Мать хлопотала у печки. Иринка метнулась за Сашкой — сказать, чтоб поскорее шел к обеду, и если можно, то пусть отпросится у начальника: приехал брат из Москвы.
Осмотрев горенку, Дмитрий вышел в кухню и встал на приступку печки. Он услышал, как из сеней доносилось глуховатое бултыханье. По звуку догадался: Петька в большом черепичном кувшине, подвешенном на колодезной веревке к стропилам крыши, сбивал масло. Где-то из-под стрехи хлева неслось оглашенное кудахтанье. «Только что снеслась», — подумал Дмитрий, стоя на приступке печки и вороша на железном листе табак.
Самосад уже «подошел», было самое время его ссыпать с листа, чтобы не пересох. И снова захотелось закурить. Дмитрий уже взял было щепотку табаку, оторвал угол газеты, но, поборов себя, высыпал табак на лист и вышел из избы.

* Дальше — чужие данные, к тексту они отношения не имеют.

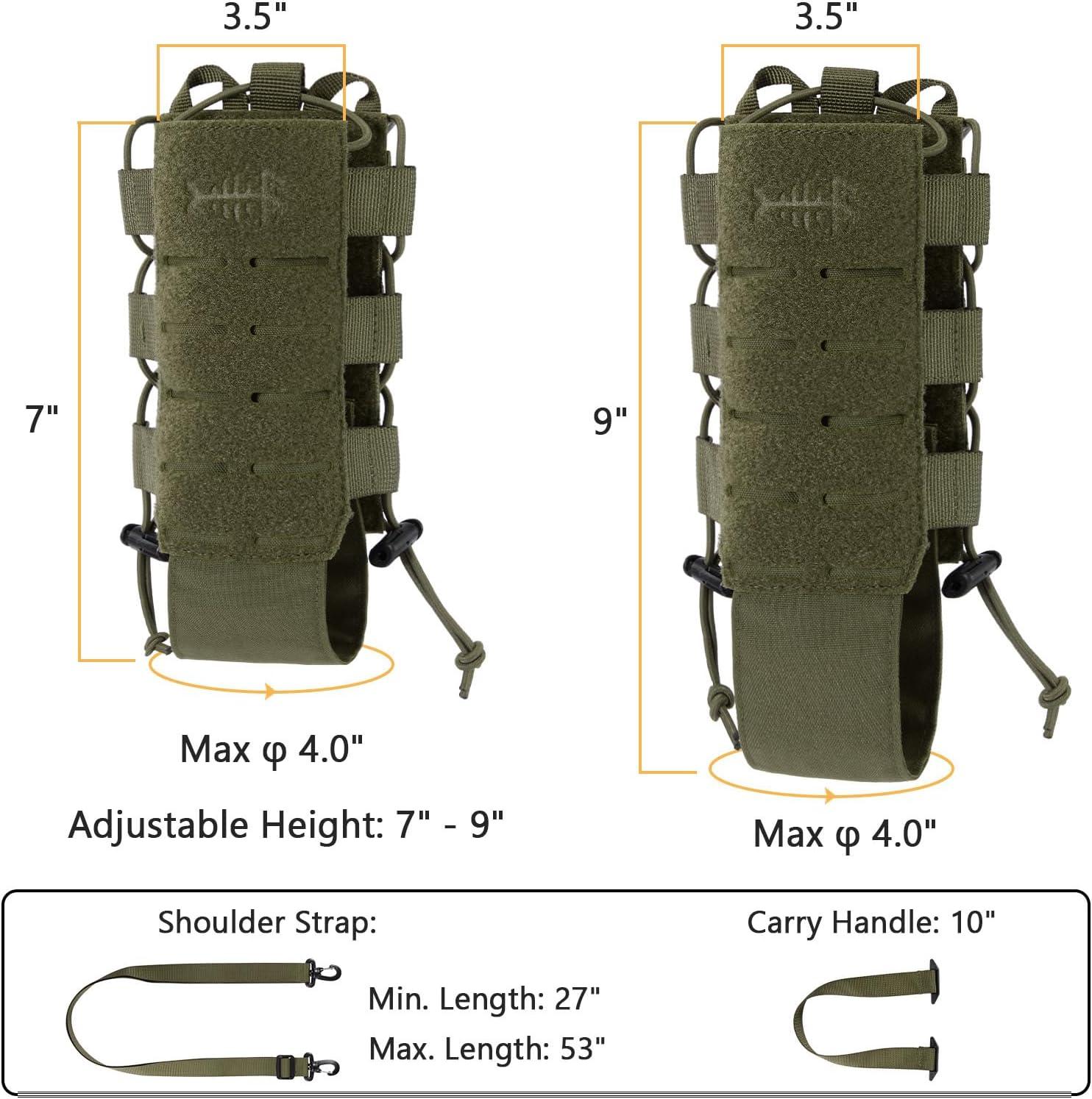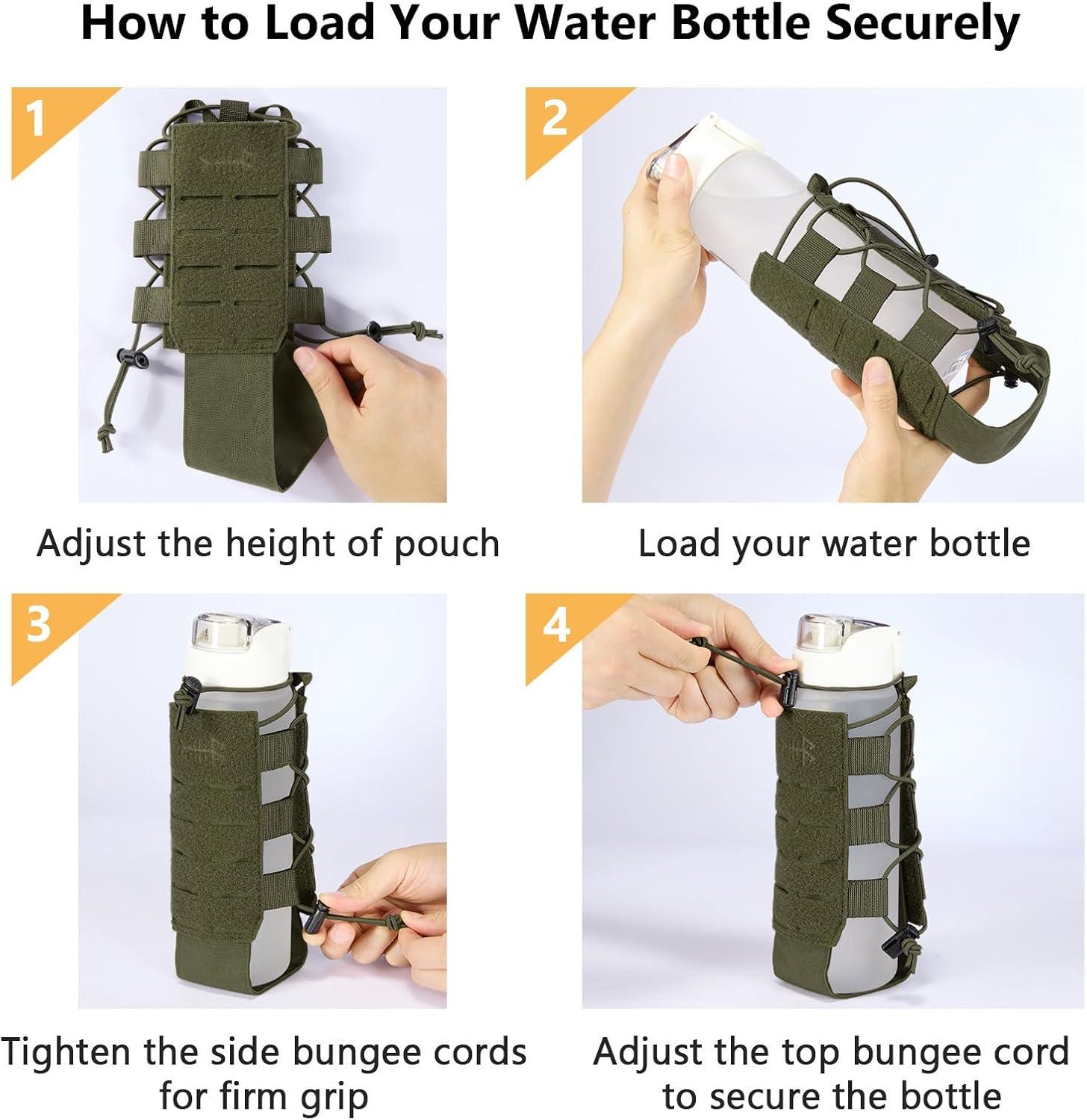 Secure & Customizable Design: 3 adjustable bungee cords, and dual MOLLE compatible straps keep bottles stable with no wobble; Detachable shoulder strap and carry handle design allows this pouch to be used independently; Front loop panel with laser-cut MOLLE slots allows patch customization and offers extra gear attachments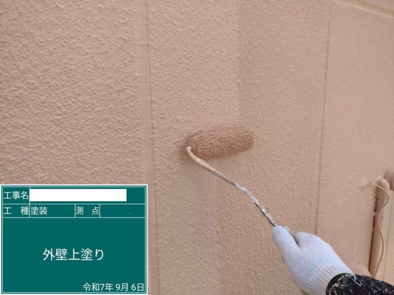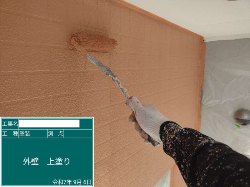 【上塗り】上塗りをして仕上げます。外壁塗装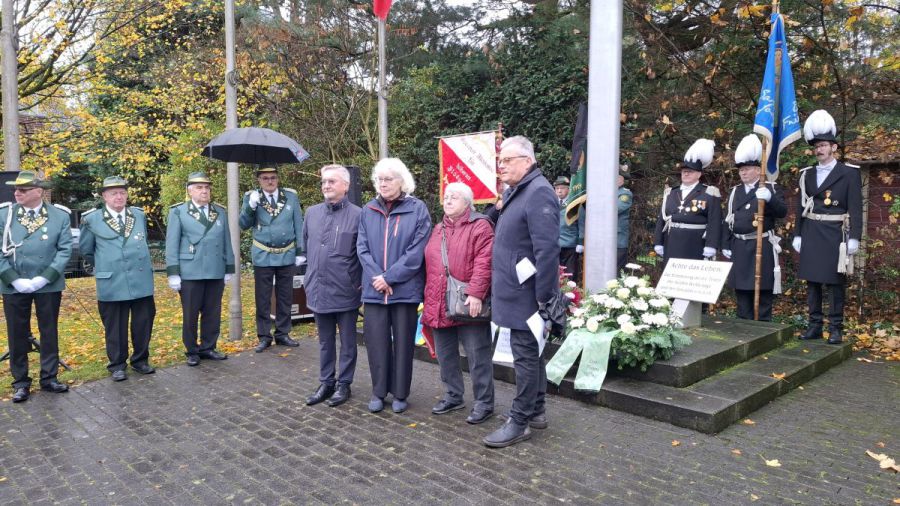 Die Gedenkansprache hielt Dieter Borchert, Vorsitzende des Kreisverbandes. "Seit über 100 Jahren erinnert der Volkstrauertag an die Toten der beiden Weltkriege, an die Gefallenen, Vermissten, an die Opfer von Gewaltherrschaft, Vertreibung und Diktatur. Doch er erinnert uns auch daran, dass Frieden und Menschlichkeit keine Selbstverständlichkeit sind. [...] Der Sozialverband VdK ist in dieser Erinnerung tief verwurzelt. Unsere Wurzeln reichen zurück in die Zeit nach dem Zweiten Weltkrieg. Damals schlossen sich Kriegsversehrte, Hinterbliebene und Opfer des Krieges zusammen, um füreinander einzustehen – für Hilfe, für Anerkennung, für Würde.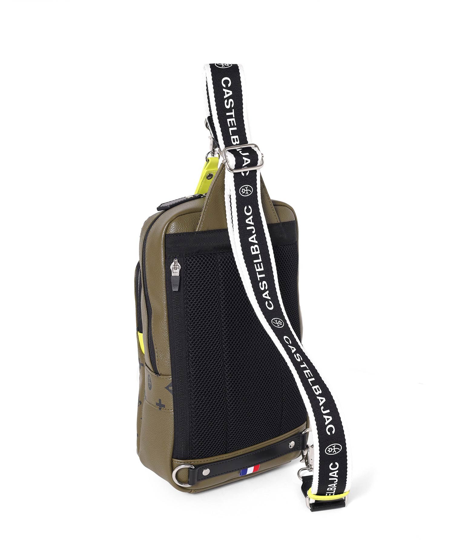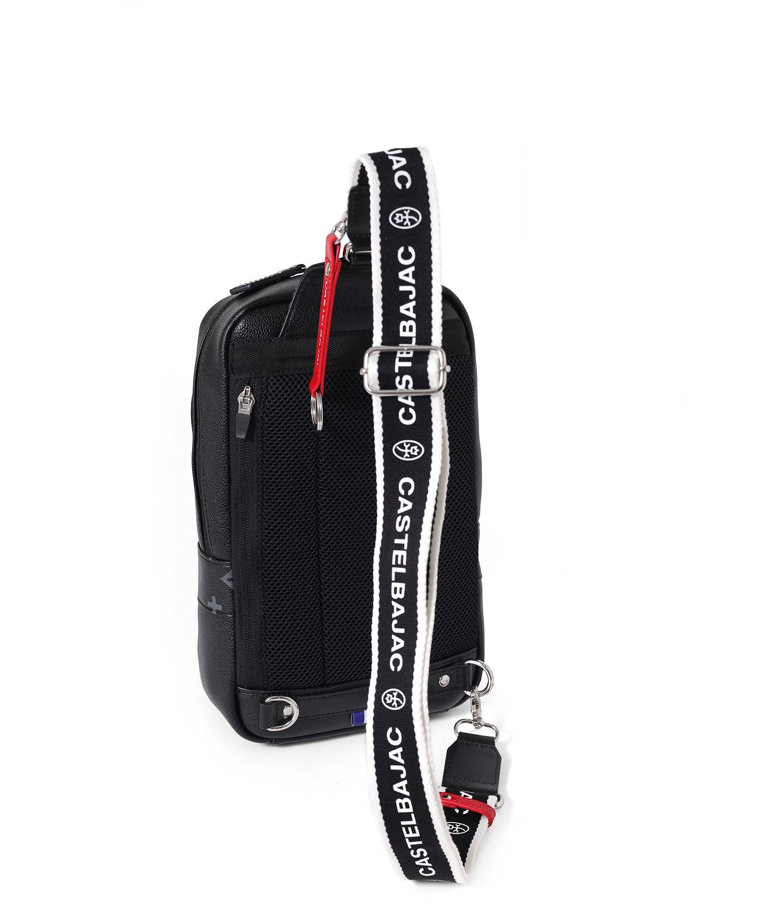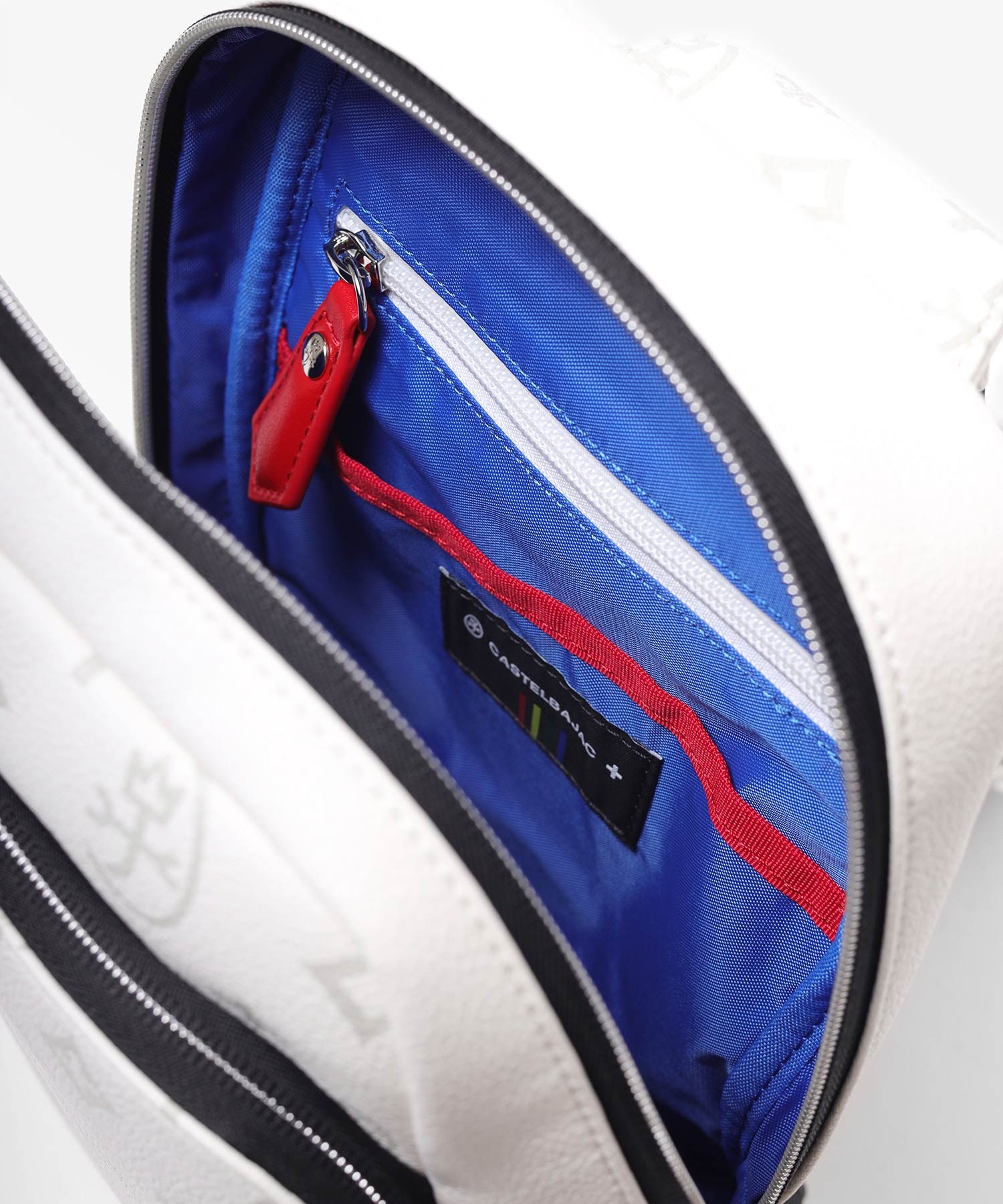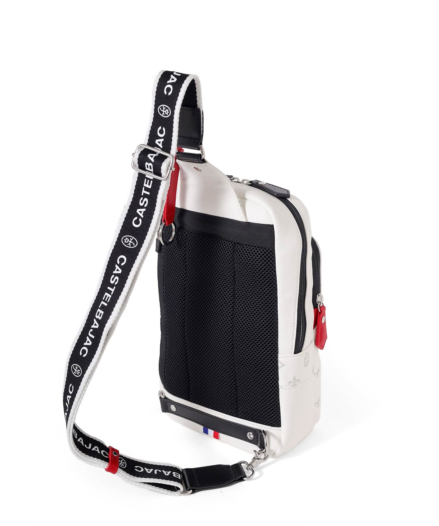 バッグの本体色と差し色にもなるアクセントカラーのコンビネーションが魅力のカステルバジャックのワンショルダーバッグ。本体素材はシボ感のある合成皮革を使用し、カバンの前面や背面にカステルバジャックのオリジナルモノグラム柄をプリントしました。付属のキーホルダーがアクセントとなっています。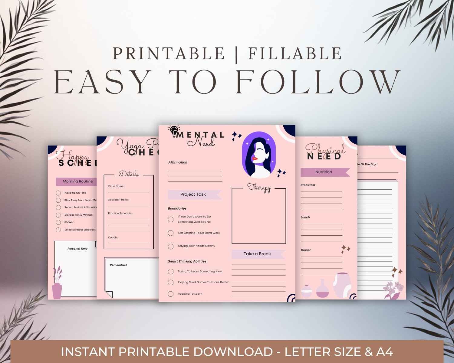 Bring Balance To Your Daily Life With This Modern Self-Care Planner — A Printable & Fillable A4 PDF (Non-Editable) Designed For Women Who Want A Simple, Ready-To-Use System To Organize Their Wellness Routines.

Заглянул в чулан. Там стоял холодок, пахнущий погребной плесенью. Лаз в погреб был открыт. Вдоль стены чулана на прохладной сырой земле рядком стояли накрытые выскобленными кружками крынки с молоком. Дальше, в углу, чернели щербатые горшки, туески, бутылки с керосином и сапожным дегтем и еще чем-то таким, что Дмитрий никак не мог разобрать: не то карболка, не то известка. На гнутом ржавом гвозде, вбитом в столб, висело старое порванное решето с зарубкой, которую сделал Дмитрий, когда был еще маленьким.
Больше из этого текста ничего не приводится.